Le monde du peintre est un monde visible, rien que visible, un monde presque fou puisqu'il est complet, n'étant cependant que partiel. La peinture réveille, porte à sa dernière puissance un délire qui est la vision même, puisque voir c'est, avoir à distance, et que la peinture étant cette bizarre possession, à tous les aspects de l'être, qui doivent de quelque façon se faire visible pour entrer en elle.

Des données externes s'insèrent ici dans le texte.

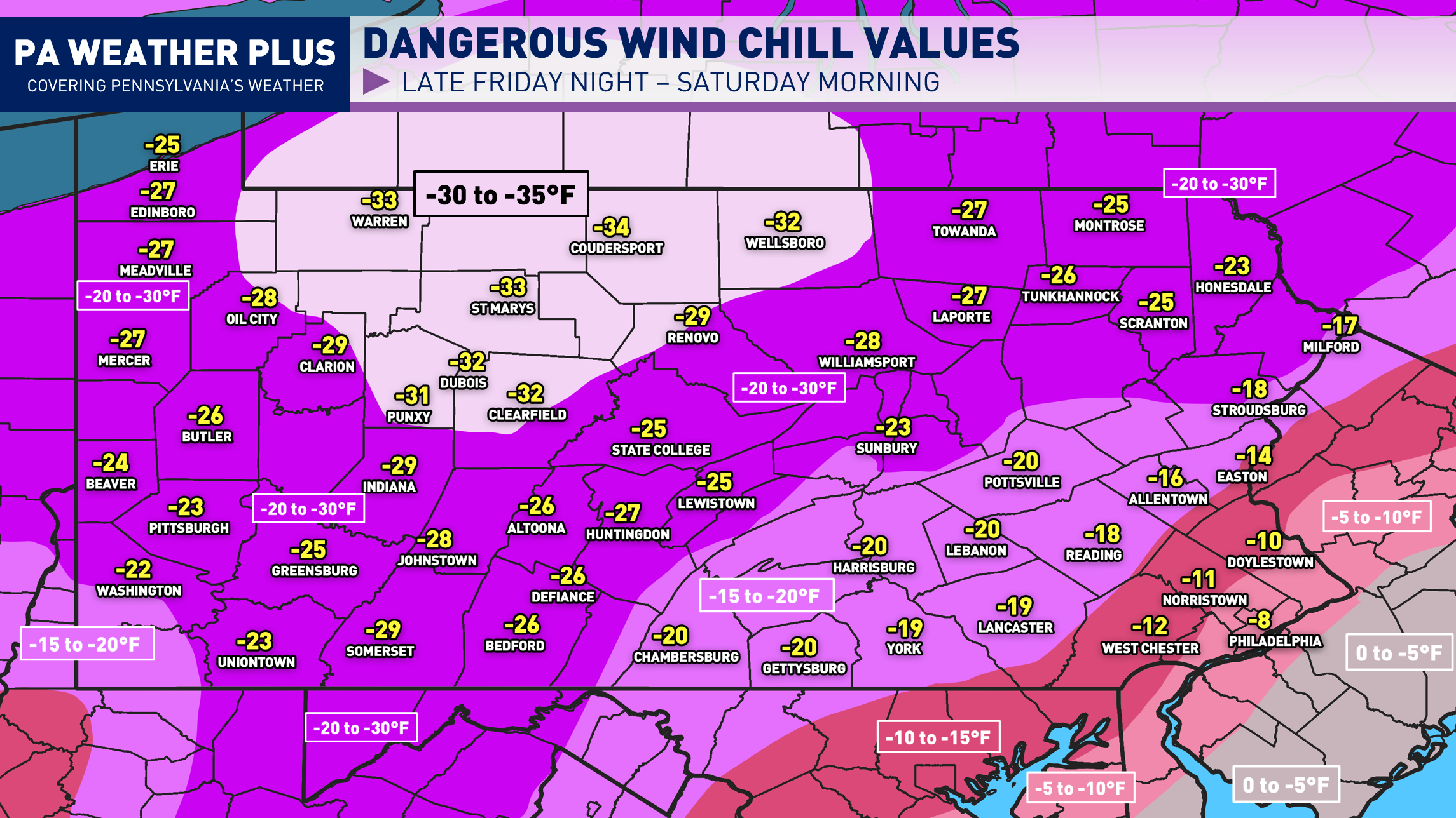 PENNSYLVANIA WIND CHILL FORECASTS:

Quand le jeune Berenson* parlait à propos de la peinture italienne d'une évocation des valeurs tactiles, il ne pouvait guère se tromper davantage; la peinture n'évoque rien et notamment pas le tactile. Elle fait tout autre chose, presque l'inverse, elle donne existence visible à ce que la vision profane croit invisible. Elle fait que nous n'avons pas besoin de sens musculaire pour avoir la voluminosité du monde. Cette vision dévorante, par delà les données visuelles, ouvre sur une texture de l'être dont les messages sensoriels discrets ne sont que les ponctuations ou les césures et que l'oeil habite, comme l'homme habite sa maison.
Merleau-Ponty, extrait de L'oeil et l'Esprit.
* http://books.google.fr/books?id=_EEK3kENPM4C&pg=PA79&lpg=PA79&dq=le+jeune+berenson&source=bl&ots=U2WrMQDj5V&sig=y4LVNskdzyb7s8YUFqptiE3aEDU&hl=fr&ei=FbzNSoLsHcKZjAer4KTzAw&sa=X&oi=book_result&ct=result&resnum=1#v=onepage&q=le%20jeune%20berenson&f=false
Ce texte peut sembler obscur à première vue;-) mais en l'écoutant ce matin dans "Les nouveaux chemins..." il m'est apparu très lumineux.